▶ [SUPPLIED MATERIAL]
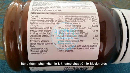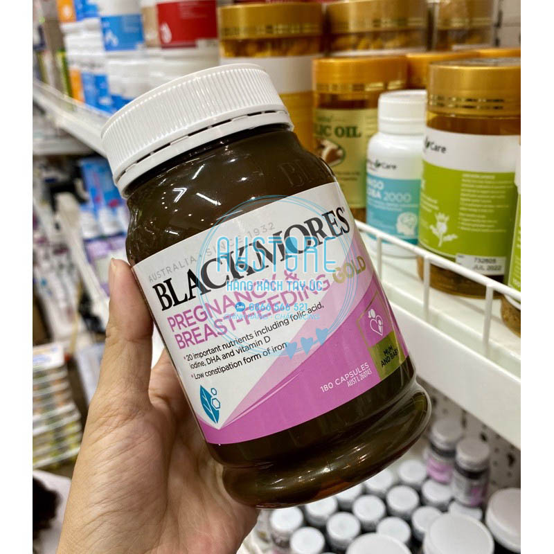 - Viên uống bà bầu Blackmore là vitamin bầu tổng hợp nổi tiếng của hãng Úc được thiết kế với công thức đặc biệt bổ sung 20 vitamin và khoáng chất cần thiết cho mẹ và thai nhi gồm axit folic, iốt, DHA và vitamin D3, sắt...
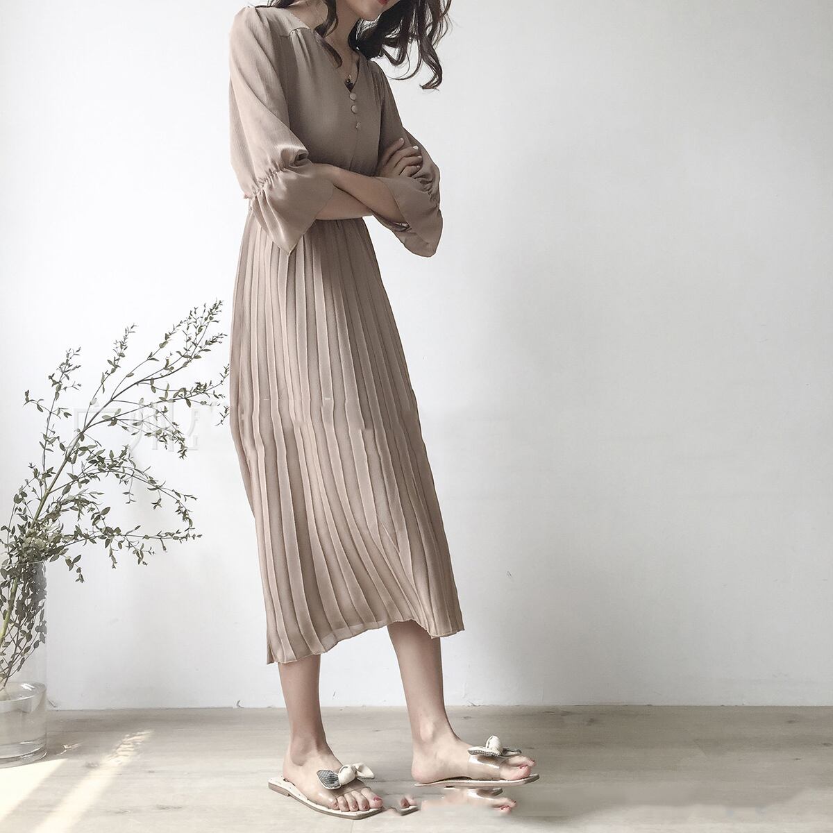 歩くたびにふんわり 上品プリーツワンピース
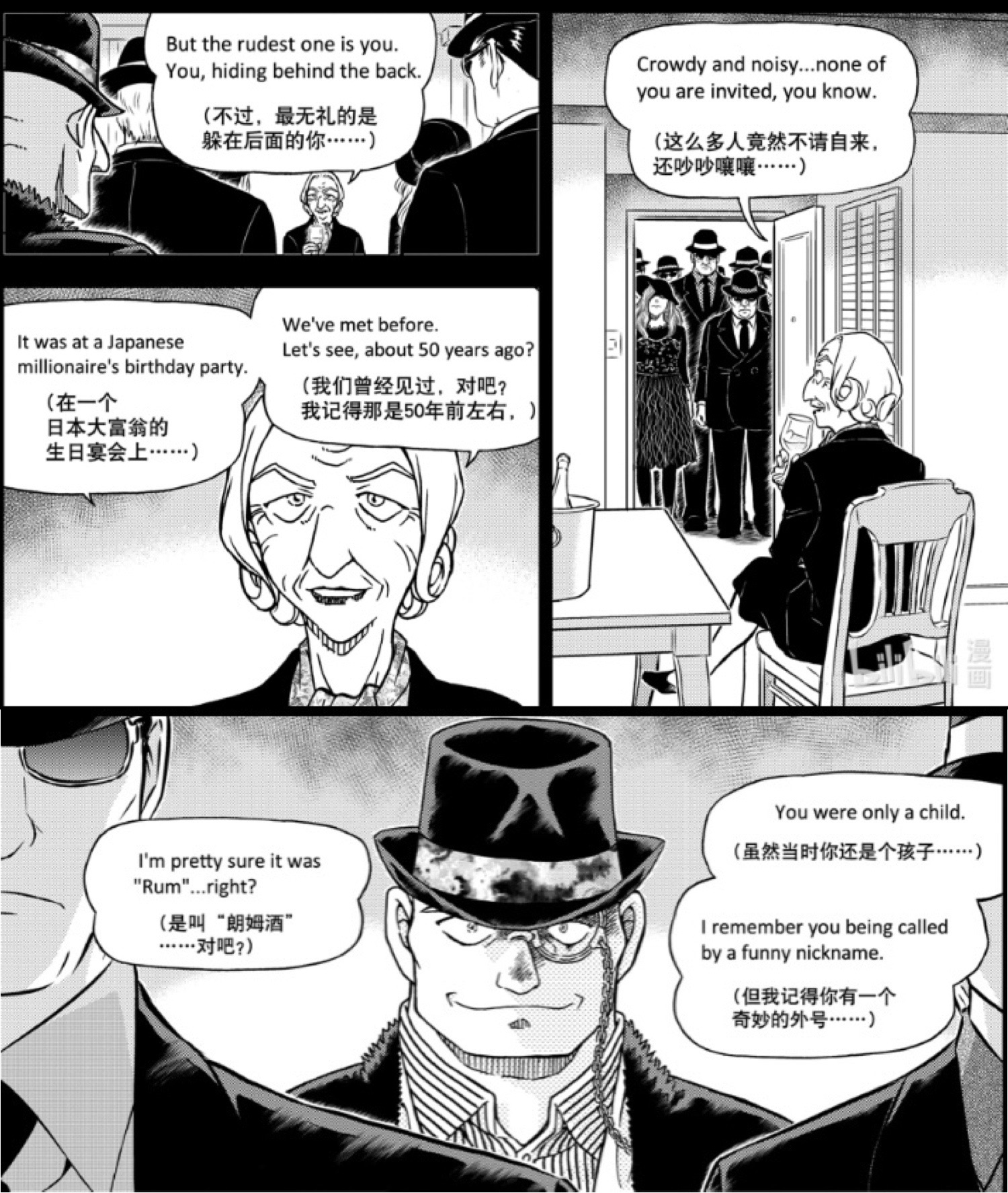 8. 阿曼达在房间独自面对来袭的黑衣人。她对朗姆提到50年前左右(即柯南元年67年前左右)曾在某个日本富豪的生日会上见过还是孩子的他,还听到他的有个绰号“朗姆”(然而胁田初登场时人物介绍栏为56岁,服用药物or青山处理失误or谎报年龄?);
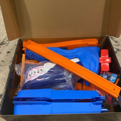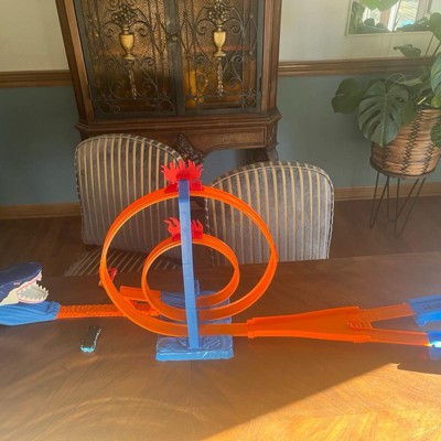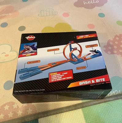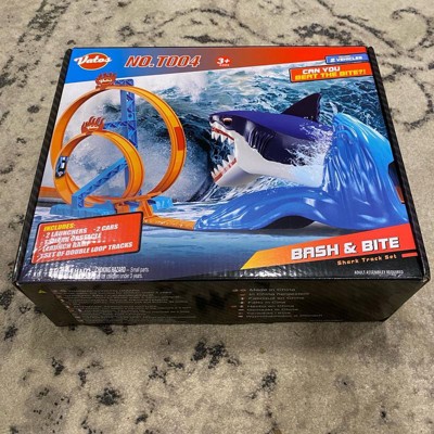 [This review was collected as part of a promotion.] The shark mouth race track is a fun twist to race car tracks. I like the pull release system for cars to have about speed/force to get through the loops. The race track is very entertaining, especially with the cars jumping into the sharks mouth. The one challenge with the system is taking it apart. Once the race track is set up it is very difficult to take apart, to store or put away.

▶ [INSTRUCTIONS FOR THE TASK] Word for word, give the listing above again, but drop any pictures.

▶ [TASK RESPONSE]
 - Viên uống bà bầu Blackmore là vitamin bầu tổng hợp nổi tiếng của hãng Úc được thiết kế với công thức đặc biệt bổ sung 20 vitamin và khoáng chất cần thiết cho mẹ và thai nhi gồm axit folic, iốt, DHA và vitamin D3, sắt...
 歩くたびにふんわり 上品プリーツワンピース
 8. 阿曼达在房间独自面对来袭的黑衣人。她对朗姆提到50年前左右(即柯南元年67年前左右)曾在某个日本富豪的生日会上见过还是孩子的他,还听到他的有个绰号“朗姆”(然而胁田初登场时人物介绍栏为56岁,服用药物or青山处理失误or谎报年龄?);
 [This review was collected as part of a promotion.] The shark mouth race track is a fun twist to race car tracks. I like the pull release system for cars to have about speed/force to get through the loops. The race track is very entertaining, especially with the cars jumping into the sharks mouth. The one challenge with the system is taking it apart. Once the race track is set up it is very difficult to take apart, to store or put away.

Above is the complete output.